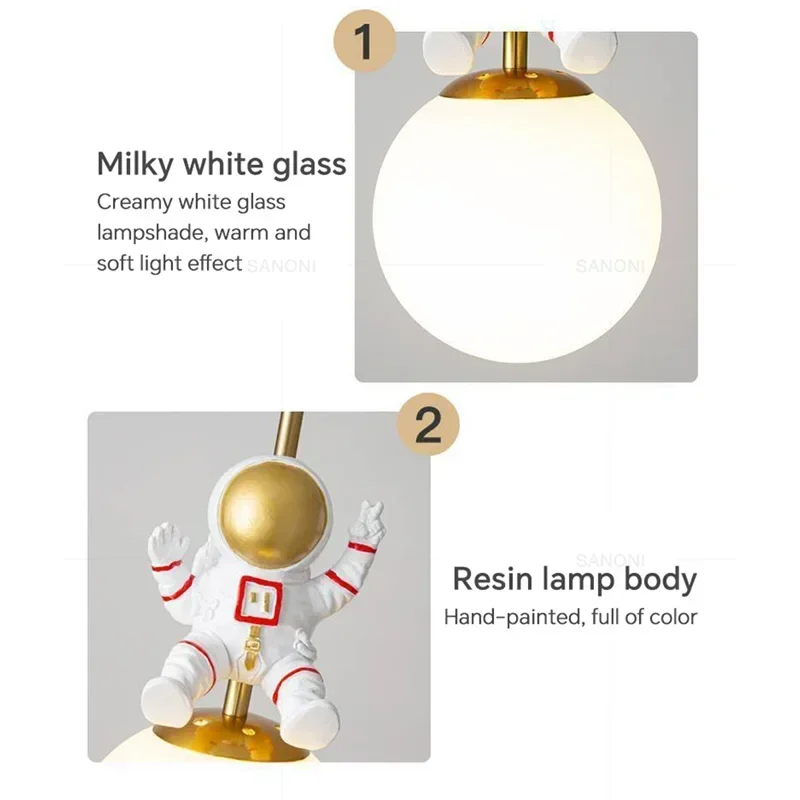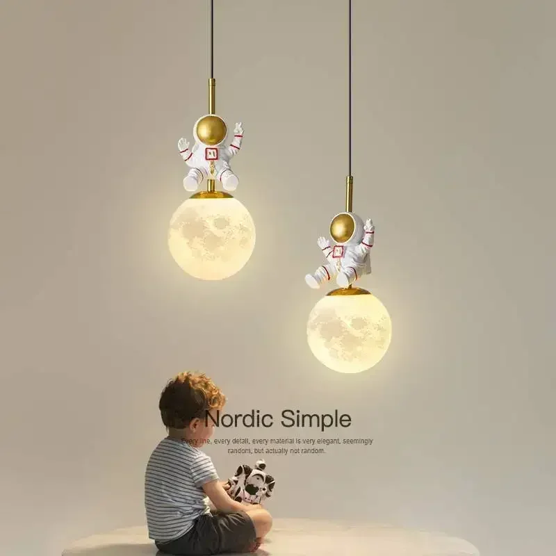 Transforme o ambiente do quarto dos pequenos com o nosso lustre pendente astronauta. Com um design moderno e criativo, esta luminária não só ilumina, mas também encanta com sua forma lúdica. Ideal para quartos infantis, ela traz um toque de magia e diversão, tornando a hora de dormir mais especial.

========================================

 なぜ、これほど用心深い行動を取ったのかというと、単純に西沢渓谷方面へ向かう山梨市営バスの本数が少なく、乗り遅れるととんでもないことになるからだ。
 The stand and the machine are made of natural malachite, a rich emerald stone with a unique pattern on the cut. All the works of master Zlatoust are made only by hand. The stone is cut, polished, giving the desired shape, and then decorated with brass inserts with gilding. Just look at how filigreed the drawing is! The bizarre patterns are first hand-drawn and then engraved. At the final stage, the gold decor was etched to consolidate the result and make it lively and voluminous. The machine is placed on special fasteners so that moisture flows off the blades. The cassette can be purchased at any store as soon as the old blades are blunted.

========================================

- [EXERCISE OBJECTIVE]: Using the entries above, output exactly the lines between the line holding "なぜ、これほど用心深い行動を" and the line holding "The stand and", end lines included, and nothing more.

- [SOLUTION TO THE EXERCISE]:
 なぜ、これほど用心深い行動を取ったのかというと、単純に西沢渓谷方面へ向かう山梨市営バスの本数が少なく、乗り遅れるととんでもないことになるからだ。
 The stand and the machine are made of natural malachite, a rich emerald stone with a unique pattern on the cut. All the works of master Zlatoust are made only by hand. The stone is cut, polished, giving the desired shape, and then decorated with brass inserts with gilding. Just look at how filigreed the drawing is! The bizarre patterns are first hand-drawn and then engraved. At the final stage, the gold decor was etched to consolidate the result and make it lively and voluminous. The machine is placed on special fasteners so that moisture flows off the blades. The cassette can be purchased at any store as soon as the old blades are blunted.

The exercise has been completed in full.